Use the download.file function. Leave all arguments at default, except url and destfile. Put the file into the the folder where you can store your own data. Use the end part of the original file name and give it a prefix gapminder_ and keep doing this with all files that you happen do download from this source. This will help you keep a system in your files.
10 https://www.gapminder.org/
11 Read files with base R or tidyverse
File too big to open in a text editor?
Inspect it reading it as text lines (first 3 lines)
mypath <- glue(file.path(project_path, datasaving_folder, "gapminder_hourly_labour_cost_constant_2017_\\
usd--by--geo--time.csv"))library(readr)
read_lines(
file = mypath,
n_max = 3)[1] "geo,time,hourly_labour_cost_constant_2017_usd"
[2] "arg,2011,0.92"
[3] "arg,2012,1.04"
readLines(
con = mypath,
n = 3)[1] "geo,time,hourly_labour_cost_constant_2017_usd"
[2] "arg,2011,0.92"
[3] "arg,2012,1.04"
What you are seeing are the first three lines of a tabular file we have just read as a text file, assuming no columns or headers. This comes handy when you do not know the structure of the file and it is too large to open interactively in a text editor, for instance. So you read lines of text. In plain text files, each line ends when the author hit Enter. (So in our terms it is rather a paragraph than a line!)
A tabular file is a plaintext file where each line is one table row and the columns are on each line separated by the same character (throughout the file). The best-known tabular format is comma-separated values (csv). The original U.S. format uses comma. The European csv uses semicolons because comma is often reserved for the decimal operator (vs. decimal point in the U.S.). To skip these issues altogether, you better save your files as tsv (tab-separated values).
In the code above you see two functions that look similar and whose output looks exact the same.
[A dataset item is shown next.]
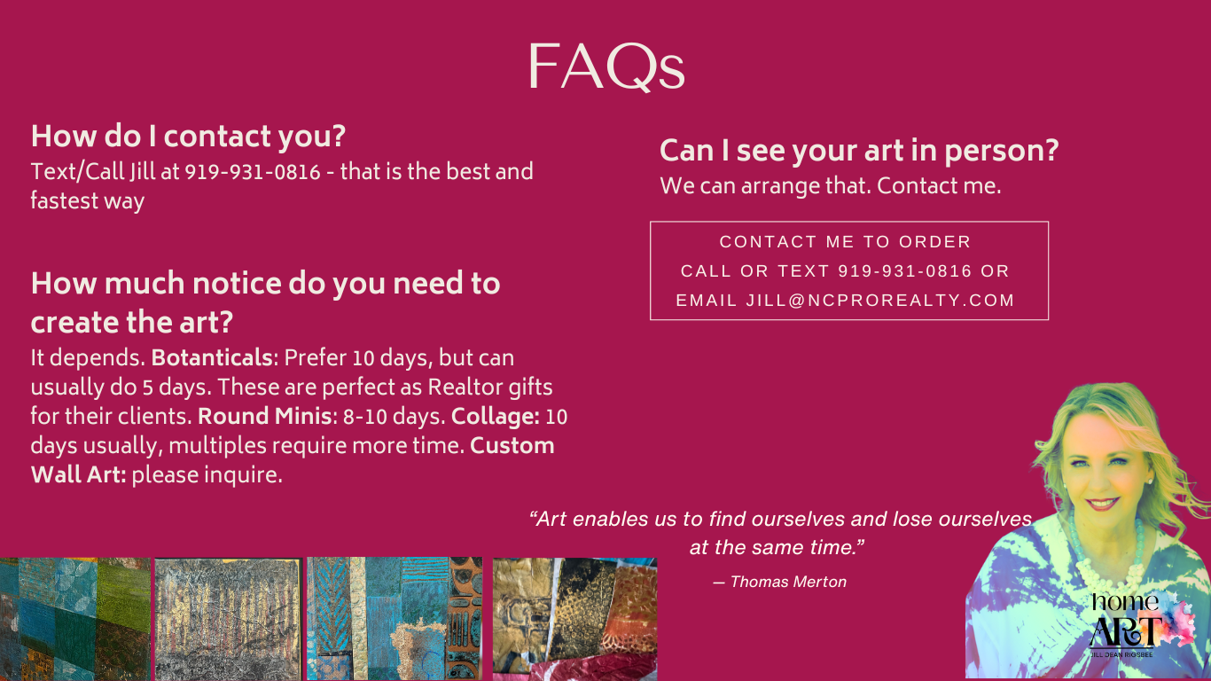 Contact Jill by text/call at 919-931-0816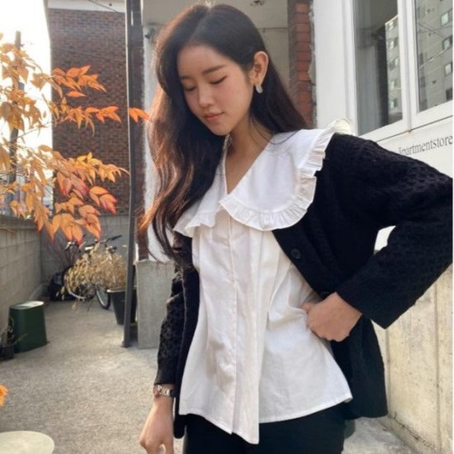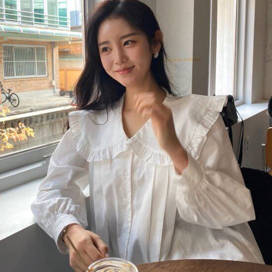 フリルブラウス レディース 長袖ブラウス シャツ ボリューム袖 パフスリーブ ビッグカラー フリル タック入り オーバーサイズ レトロ クラシカル かわいい ガーリー カジュアル 白シャツ おしゃれ

One is a base-R function, the other is from a tidyverse package called readr. Feel free to choose either and just make a mental note that there is an alternative. Sometimes, when a file is tricky to read in with one function, it goes well with the other.
Look at the Help to either function and explore its other arguments using the file you have just loaded.
12 Reading a table with readr
read_csv,read_csv2,read_tsv: tailored to the common separators,,;, tabread_delim: you name the separator (aka delimiter), more arguments
read_csv(file = mypath,
n_max = 3) #just top 3 rowsRows: 3 Columns: 3
── Column specification ────────────────────────────────────────────────────────
Delimiter: ","
chr (1): geo
dbl (2): time, hourly_labour_cost_constant_2017_usd
ℹ Use `spec()` to retrieve the full column specification for this data.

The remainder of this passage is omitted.